Razmetka

Priority-dispatch sentence classifier with pluggable ML fallback for Russian NLP.

Part of the natasha-ex ecosystem. Extends yargy's defmatch bag-of-features matchers with ordered dispatch and ML classifier fallback.

Installation

def deps do
  [
    {:razmetka, "~> 0.1"}
  ]
end

Usage

defmodule MyApp.SentenceClassifier do
  use Yargy.Grammar
  use Razmetka

  # Bag-of-features matchers (from yargy)
  defmatch(:demand, any_token(all([lemma(~w[требовать просить взыскать]), gram("VERB")])))
  defmatch(:norm_framing, any_token(lemma(~w[соответствие согласно основание])))
  defmatch(:evidence, all_of([
    any_token(lemma(~w[подтверждаться подтвердить])),
    any_token(lemma(~w[акт квитанция чек выписка]))
  ]))

  # Priority dispatch with standard Elixir boolean expressions
  defclassify classifier: MyApp.FridaClassifier, default: :fact do
    :demand   -> demand?()
    :norm     -> norm_framing?()
    :evidence -> evidence?()
  end
end

Classify text

MyApp.SentenceClassifier.classify_text("Истец требует возмещения убытков")
#=> {:demand, %{confidence: :grammar}}

MyApp.SentenceClassifier.classify_text("Товар был поставлен 20 октября")
#=> {:fact, %{confidence: :classifier, score: 0.72}}

Pre-tokenized input

tokens = Yargy.Pipeline.morph_tokenize("Истец требует возмещения")
MyApp.SentenceClassifier.classify(tokens, "Истец требует возмещения")
#=> {:demand, %{confidence: :grammar}}

Pluggable classifiers

Implement the Razmetka.Classifier behaviour:

defmodule MyApp.FridaClassifier do
  @behaviour Razmetka.Classifier

  @impl true
  def classify(text, _opts) do
    clf = MyApp.ClassifierServer.get()
    {type, score} = MyApp.NLP.Classifier.classify_one(clf, text)
    {type, score}
  end
end

The callback returns {type, score} where score is 0.0–1.0. Razmetka compares against :threshold — below it, the :default type is used.

How it works

classify_text("В соответствии со ст. 309 ГК РФ...")
│
├─ tokenize + morph-tag (once, via yargy)
│
├─ Try :demand      → no conjugated demand verb → skip
├─ Try :norm        → has "соответствие" ✓ → MATCH
│   → {:norm, %{confidence: :grammar}}
│
└─ (never reaches :evidence or classifier)
classify_text("Товар был поставлен 20 октября.")
│
├─ tokenize + morph-tag
│
├─ Try :demand   → skip
├─ Try :norm     → skip
├─ Try :evidence → skip
├─ Classifier fallback → FRIDA → {:fact, 0.72}
│   → {:fact, %{confidence: :classifier, score: 0.72}}

Compound conditions

Use standard Elixir and, or, not, and parentheses. Two variables are in scope: tokens and text.

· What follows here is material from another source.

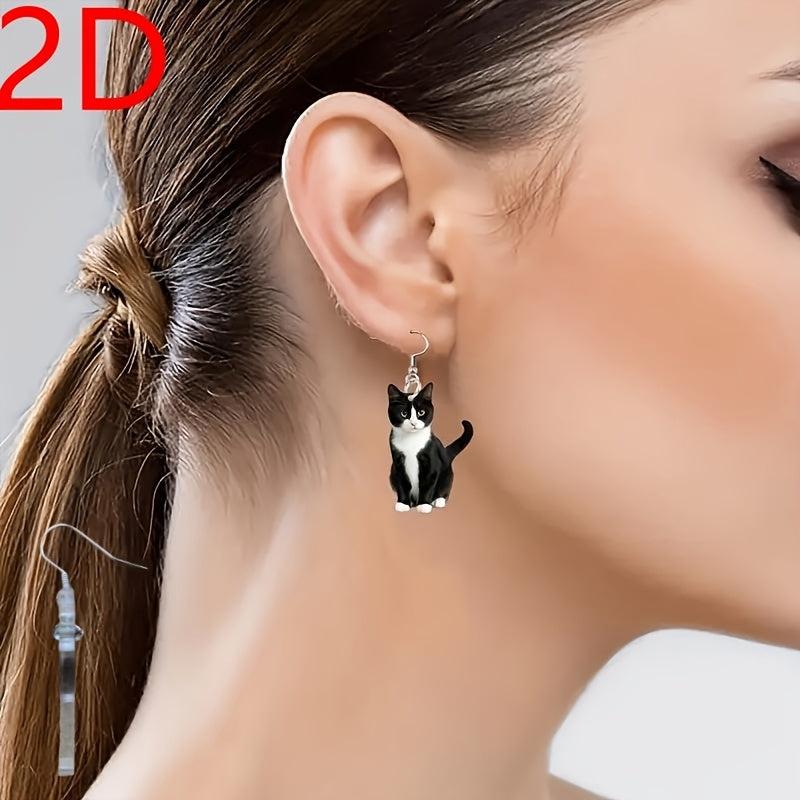 These 2D flat acrylic earrings feature a fashionable and humorous cartoon kitten design, adding a touch of charm to your outfit. Lightweight and durable, these earrings are perfect for women who love unique accessories.

defmodule MyApp.LegalClassifier do
  use Yargy.Grammar
  use Razmetka

  defmatch(:title_base, any_token(lemma("претензия")))
  defmatch(:pretrial, any_token(lemma("досудебный")))
  defmatch(:short, max_words(5))
  defmatch(:demand_verb, any_token(all([lemma(~w[требовать просить]), gram("VERB")])))
  defmatch(:norm_framing, any_token(lemma(~w[соответствие согласно])))

  def has_law_ref?(_, text), do: String.contains?(text, "ст.")

  defclassify default: :unknown do
    :procedural_title -> title_base?() and (pretrial?() or short?())
    :norm             -> has_law_ref?(tokens, text) and norm_framing?()
    :demand           -> demand_verb?()
    :not_demand       -> not demand_verb?()
  end
end

Without classifier

defmodule MyApp.SimpleClassifier do
  use Yargy.Grammar
  use Razmetka

  defmatch(:greeting, any_token(lemma("привет")))

  defclassify default: :unknown do
    :greeting -> greeting?()
  end
end

MyApp.SimpleClassifier.classify_text("Привет мир")
#=> {:greeting, %{confidence: :grammar}}

MyApp.SimpleClassifier.classify_text("Какой-то текст")
#=> {:unknown, %{confidence: :low}}

License

MIT © Danila Poyarkov